Zichao Liu; Wujie Dong; Jianbo Wang; Chenlong Dong; Yue Lin; I-Wei Chen; Fuqiang Huang

doi:10.1016/j.isci.2019.100767

Orthorhombic Nb₂O_5-x for Durable High-Rate Anode of Li-Ion Batteries

iScience. 2020 Jan 24;23(1):100767. doi: 10.1016/j.isci.2019.100767. Epub 2019 Dec 12.

Authors

Zichao Liu¹, Wujie Dong², Jianbo Wang¹, Chenlong Dong¹, Yue Lin³, I-Wei Chen⁴, Fuqiang Huang⁵

Affiliations

¹ State Key Laboratory of Rare Earth Materials Chemistry and Applications, College of Chemistry and Molecular Engineering, Peking University, Beijing 100871, P. R. China.
² State Key Laboratory of High Performance Ceramics and Superfine Microstructures, Shanghai Institute of Ceramics, Chinese Academy of Sciences, Shanghai 200050, P. R. China.
³ Hefei National Laboratory for Physical Sciences at the Microscale, University of Science and Technology of China, Hefei, Anhui 230026, P. R. China.
⁴ Department of Materials Science and Engineering, University of Pennsylvania, Philadelphia, PA 19104, USA. Electronic address: iweichen@seas.upenn.edu.
⁵ State Key Laboratory of Rare Earth Materials Chemistry and Applications, College of Chemistry and Molecular Engineering, Peking University, Beijing 100871, P. R. China; State Key Laboratory of High Performance Ceramics and Superfine Microstructures, Shanghai Institute of Ceramics, Chinese Academy of Sciences, Shanghai 200050, P. R. China.

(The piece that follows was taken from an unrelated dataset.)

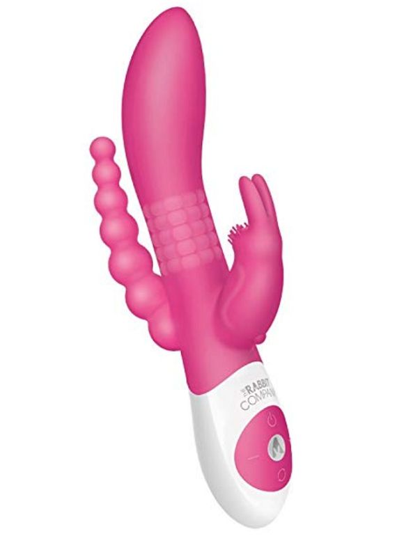 Купить Розовый вибратор-кролик с анальным отростком The Beaded D.P.Rabbit The Rabbit Company по лучшей цене с доставкой - секс-шоп Ynunu.ru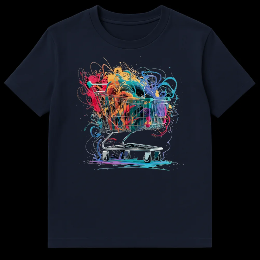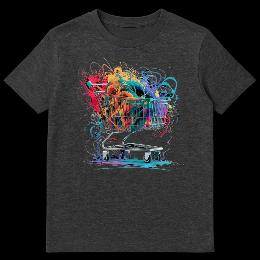 Unleash your creative spirit with this dynamic t-shirt featuring a shopping cart overflowing with a vivid paint explosion. This unique design beautifully juxtaposes the mundane with artistic chaos, perfect for art lovers and those who appreciate expressive, colorful aesthetics. A fantastic gift for anyone passionate about art or bold statement fashion.

Electronic address: huangfq@pku.edu.cn.

Abstract

Li₄Ti₅O₁₂ anode can operate at extraordinarily high rates and for a very long time, but it suffers from a relatively low capacity. This has motivated much research on Nb₂O₅ as an alternative. In this work, we present a scalable chemical processing strategy that maintains the size and morphology of nano-crystal precursor but systematically reconstitutes the unit cell composition, to build defect-rich porous orthorhombic Nb₂O_5-x with a high-rate capacity many times those of commercial anodes. The procedure includes etching, proton ion exchange, calcination, and reduction, and the resulting Nb₂O_5-x has a capacity of 253 mA h g^-1 at 0.5C, 187 mA h g^-1 at 25C, and 130 mA h g^-1 at 100C, with 93.3% of the 25C capacity remaining after cycling for 4,000 times. These values are much higher than those reported for Nb₂O₅ and Li₄Ti₅O₁₂, thanks to more available surface/sub-surface reaction sites and significantly improved fast ion and electron conductivity.

Keywords: Chemical Synthesis; Energy Materials; Energy Storage.